- Occupation: Professor emerita
- Known for: Criminology
- Awards: Fellow of the American Society of Criminology for Outstanding Lifetime Career Achievement

Academic background
- Alma mater: Ohio State University

Academic work
- Discipline: Sociology, criminology
- Institutions: Temple University; University of North Carolina at Charlotte; North Carolina State University;

= Margaret A. Zahn =

American sociologist and criminologist

Margaret A. Zahn is an American sociologist and criminologist at North Carolina State University. She received her PhD in sociology from the Ohio State University in 1969. Zahn has served as president of the American Society of Criminology and has received Fellow of the American Society of Criminology for Outstanding Lifetime Career Achievement.

==Professional career==
Zahn has served as a professor at multiple universities. She began her tenure-track career at Temple University, where she worked as a professor in the Department of Sociology from 1969 until 1987. From 1987 until 1990, she served as professor and chair for the Department of Sociology, Social Work, and Criminal Justice at Northern Arizona University. At University of North Carolina-Charlotte, Zahn served as chair of the Department of Sociology and Anthropology and as associate dean in the College of Arts and Sciences from 1990 to 1995.

Zahn began working at North Carolina State University (NCSU) in 1995 and is currently emerita professor of sociology. While at NCSU, she has served as dean of the College of Humanities and Social Sciences from 1995 to 2001. While on leave from NCSU, she served in leadership roles for the Violence and Victimization Division and the Office of Research and Evaluation at the National Institute of Justice in Washington, D.C.

Zahn has help multiple positions in the American Society of Criminology and the American Sociological Association. In 1997, she served as president of the American Society of Criminology. From 1999 until 2001, she served on the board of directors of Consortium of Society Sciences Associations.

Zahn retired in 2017. As of 2019, she is professor emerita at NCSU.

==Awards==
Zahn has received multiple awards including Fellow of the American Society of Criminology for Outstanding Lifetime Career Achievement and the Herbert Bloch Award from the American Society of Criminology. She received the Spivak Award from the American Sociological Society.

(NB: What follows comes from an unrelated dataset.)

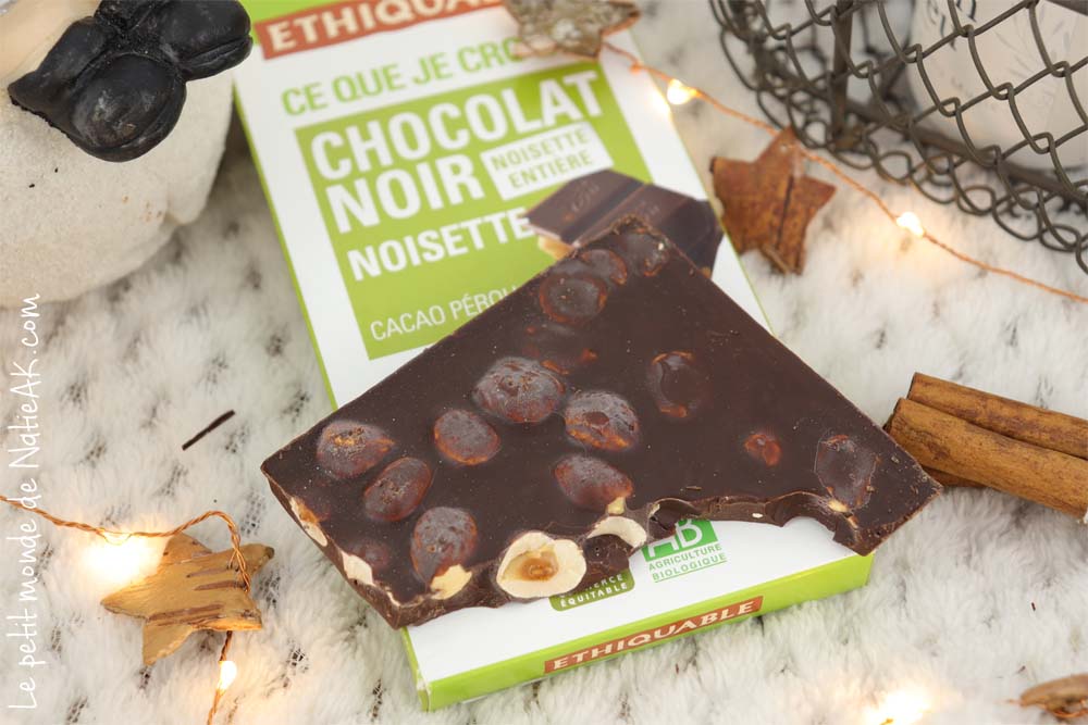 Je vois régulièrement en rayon les tablettes de chocolat Ethiquable mais je n'ai pas encore eu l'occasion de les goûter. Je me note surtout celle aux noisettes entières car c'est mon pêché mignon 🙂

==Research and publications==
Zahn has published multiple peer-reviewed articles and books. She primarily studies violence, girls' delinquency, and homicide. Some of her publications include:
- "Stranger homicides in nine American cities". Journal of Criminal Law and Criminology, 1987.
- "Determining what works for girls in the juvenile justice system: A summary of evaluation evidence". Crime & Delinquency, 2009.
- The Delinquent Girl. Temple University Press, 2009.
- "Causes and correlates of girls' delinquency". Office of Juvenile Justice and Delinquency Prevention. US Department of Justice, 2010.